Smith laughs while recalling the story. Funny, he didn’t feel scared at all. “It makes me feel safe,” he says. “I feel like, anywhere I go, there’s at least one person who likes something I made. I feel like I’ll always get help, you know?” He laughs again. “Somebody may not like ‘Wild Wild West,’ but it’s hard not to like the first ‘Men in Black.’ ”
A Real Cutup
Talking about playing Dr. Bennet Omalu in the true-life drama “Concussion,” Smith mentions the importance of being well-read and well-rounded, citing his hiatus from acting a few years ago in which he absorbed everything from American history to the philosophies of John Locke and René Descartes.
“Your characters can never be deeper than you,” he says. “They can’t be wiser than you.”
But for “Concussion,” that ongoing education extended to watching Omalu do his work as a forensic pathologist, which meant observing how autopsies are conducted.
“I went and saw five autopsies,” Smith recalls. “I watched Bennet perform the first autopsy that I ever saw.
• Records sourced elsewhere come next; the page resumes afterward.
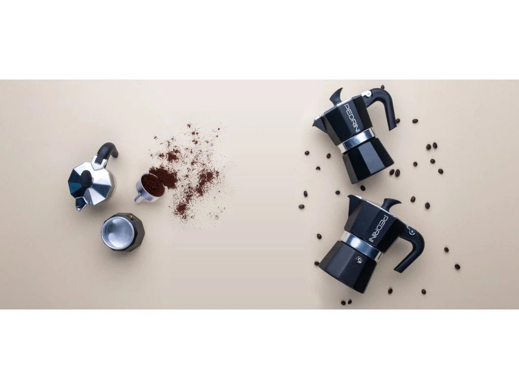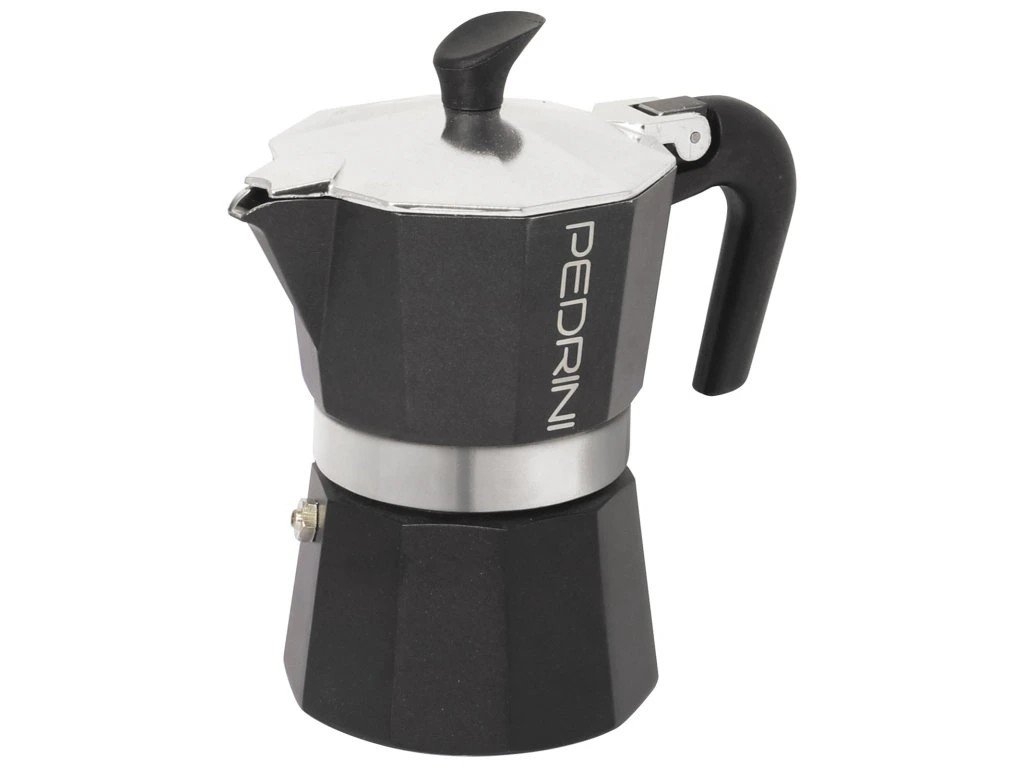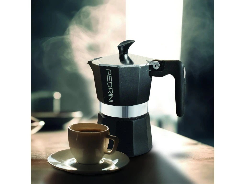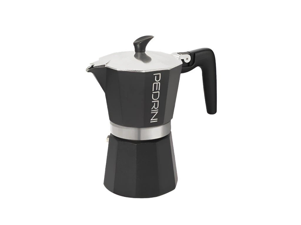 Pedrini Aroma is a moka pot with a characteristic all-black design, designed by the Italian brand Pedrini for lovers of distinctive style. It is made of EN601 food-grade aluminum , which with regular use creates a delicate patina, enriching the taste of the prepared coffee. The ergonomic heat-resistant handle and lid handle are made of durable plastic with heat resistance up to 210 °C . A high-quality safety valve ensures safe coffee preparation without the risk of overpressure. The pot is designed for electric, glass-ceramic and gas hobs , not for induction.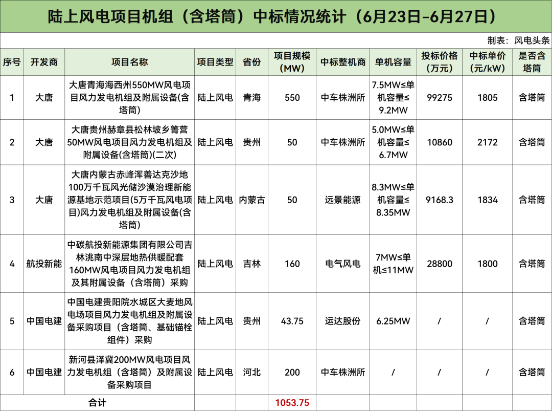 据风电头条统计,本周含塔筒陆上风电项目共计6个,规模总计1053.75MW,项目中标均价为1903元/kW。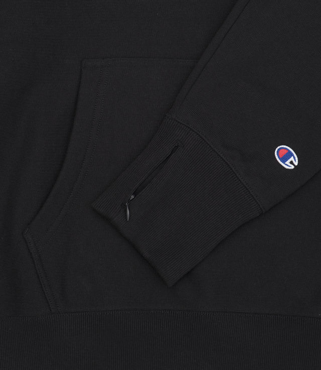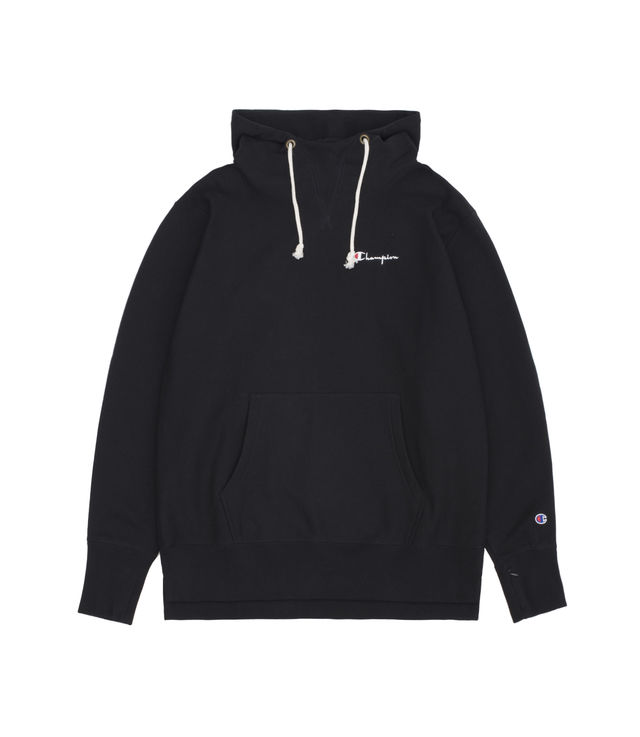 Champion Mini Script Logo Oversized Hooded Sweatshirt Black

It was actually a deeply spiritual thing to watch the complete dismantling of a human body. They take it completely apart.”
Admitting that the “first 90 seconds were really rough,” Smith says that soon what happened for him was that the cadaver “stops being a human body. Those first couple of cuts are excruciating to watch, but what was really powerful is the realization that the thing that makes a person a person is not in the room when a body is dead. I don’t know what that is and I’m not saying what it is, but the thing that we are—whatever is communicating and interacting right now [between us]—when a human body is dead, everything is still there, except the ‘battery,’ the thing that makes a person a person.”
He still sounds rather awed by the experience. “Watching an autopsy completely separated people from their body for me. People are not their body. It really is the vehicle for the thing, you know? It was powerful.”